- [Task details]:
Every line holding "leading" should be copied from the records below.

-=-=-

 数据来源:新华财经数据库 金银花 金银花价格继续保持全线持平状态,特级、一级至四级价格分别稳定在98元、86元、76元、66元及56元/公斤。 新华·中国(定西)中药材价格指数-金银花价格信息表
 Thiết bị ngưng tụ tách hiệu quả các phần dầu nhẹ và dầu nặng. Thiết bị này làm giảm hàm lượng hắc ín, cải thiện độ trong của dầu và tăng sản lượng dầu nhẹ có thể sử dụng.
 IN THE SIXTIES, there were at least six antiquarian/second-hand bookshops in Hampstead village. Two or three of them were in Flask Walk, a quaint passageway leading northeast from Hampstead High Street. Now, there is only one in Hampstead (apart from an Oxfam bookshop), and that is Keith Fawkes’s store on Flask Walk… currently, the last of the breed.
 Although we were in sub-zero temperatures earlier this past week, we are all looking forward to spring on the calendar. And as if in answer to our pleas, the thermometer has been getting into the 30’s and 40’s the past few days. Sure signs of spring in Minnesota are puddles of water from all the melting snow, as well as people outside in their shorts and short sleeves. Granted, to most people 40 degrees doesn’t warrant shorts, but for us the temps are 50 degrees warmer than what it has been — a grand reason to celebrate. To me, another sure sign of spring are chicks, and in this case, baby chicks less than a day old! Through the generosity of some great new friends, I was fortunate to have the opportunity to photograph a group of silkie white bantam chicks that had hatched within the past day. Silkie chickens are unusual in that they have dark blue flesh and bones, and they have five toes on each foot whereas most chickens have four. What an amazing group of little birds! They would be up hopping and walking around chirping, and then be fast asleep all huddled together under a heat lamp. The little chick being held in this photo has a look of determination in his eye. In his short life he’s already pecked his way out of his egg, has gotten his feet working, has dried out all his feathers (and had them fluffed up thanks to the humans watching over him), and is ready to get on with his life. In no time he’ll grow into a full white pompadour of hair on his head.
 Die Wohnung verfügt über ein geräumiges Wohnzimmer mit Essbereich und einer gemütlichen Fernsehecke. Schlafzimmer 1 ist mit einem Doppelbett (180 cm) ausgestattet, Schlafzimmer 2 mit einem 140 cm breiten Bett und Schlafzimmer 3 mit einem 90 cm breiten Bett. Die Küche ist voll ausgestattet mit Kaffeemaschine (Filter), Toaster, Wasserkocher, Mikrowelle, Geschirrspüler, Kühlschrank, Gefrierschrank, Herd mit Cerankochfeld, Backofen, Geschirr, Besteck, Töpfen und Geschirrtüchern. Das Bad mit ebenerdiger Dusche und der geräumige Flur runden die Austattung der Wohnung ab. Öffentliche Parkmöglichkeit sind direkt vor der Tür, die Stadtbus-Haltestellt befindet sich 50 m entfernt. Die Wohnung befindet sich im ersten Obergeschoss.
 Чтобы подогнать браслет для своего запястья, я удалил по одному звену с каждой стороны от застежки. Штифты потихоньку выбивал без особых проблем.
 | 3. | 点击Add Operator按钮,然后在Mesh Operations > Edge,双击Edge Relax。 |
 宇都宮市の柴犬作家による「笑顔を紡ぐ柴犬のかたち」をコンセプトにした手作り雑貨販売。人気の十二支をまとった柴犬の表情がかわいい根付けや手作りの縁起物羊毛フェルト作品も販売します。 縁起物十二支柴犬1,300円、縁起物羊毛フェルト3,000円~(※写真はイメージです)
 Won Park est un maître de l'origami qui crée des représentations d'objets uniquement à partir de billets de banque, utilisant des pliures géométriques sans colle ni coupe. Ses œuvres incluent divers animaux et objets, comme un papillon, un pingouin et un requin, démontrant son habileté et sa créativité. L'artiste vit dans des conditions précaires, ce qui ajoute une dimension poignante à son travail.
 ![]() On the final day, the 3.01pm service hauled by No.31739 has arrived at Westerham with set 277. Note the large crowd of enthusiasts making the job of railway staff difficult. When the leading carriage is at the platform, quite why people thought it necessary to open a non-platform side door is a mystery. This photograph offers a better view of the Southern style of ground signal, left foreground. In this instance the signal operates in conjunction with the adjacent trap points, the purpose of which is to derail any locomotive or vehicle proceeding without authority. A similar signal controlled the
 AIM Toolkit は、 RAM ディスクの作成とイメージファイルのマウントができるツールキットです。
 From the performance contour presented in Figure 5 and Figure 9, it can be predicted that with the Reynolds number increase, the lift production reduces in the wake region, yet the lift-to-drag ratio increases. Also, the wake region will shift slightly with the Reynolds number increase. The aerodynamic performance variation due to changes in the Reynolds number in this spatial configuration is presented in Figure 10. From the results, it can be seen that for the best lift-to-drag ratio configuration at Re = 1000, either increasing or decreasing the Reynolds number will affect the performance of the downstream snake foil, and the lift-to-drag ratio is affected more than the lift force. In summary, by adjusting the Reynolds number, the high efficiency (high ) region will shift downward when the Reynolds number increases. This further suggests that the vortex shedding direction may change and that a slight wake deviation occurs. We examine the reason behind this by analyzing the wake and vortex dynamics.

-=-=-

- [Expected answer]:
 IN THE SIXTIES, there were at least six antiquarian/second-hand bookshops in Hampstead village. Two or three of them were in Flask Walk, a quaint passageway leading northeast from Hampstead High Street. Now, there is only one in Hampstead (apart from an Oxfam bookshop), and that is Keith Fawkes’s store on Flask Walk… currently, the last of the breed.
 ![]() On the final day, the 3.01pm service hauled by No.31739 has arrived at Westerham with set 277. Note the large crowd of enthusiasts making the job of railway staff difficult. When the leading carriage is at the platform, quite why people thought it necessary to open a non-platform side door is a mystery. This photograph offers a better view of the Southern style of ground signal, left foreground. In this instance the signal operates in conjunction with the adjacent trap points, the purpose of which is to derail any locomotive or vehicle proceeding without authority. A similar signal controlled the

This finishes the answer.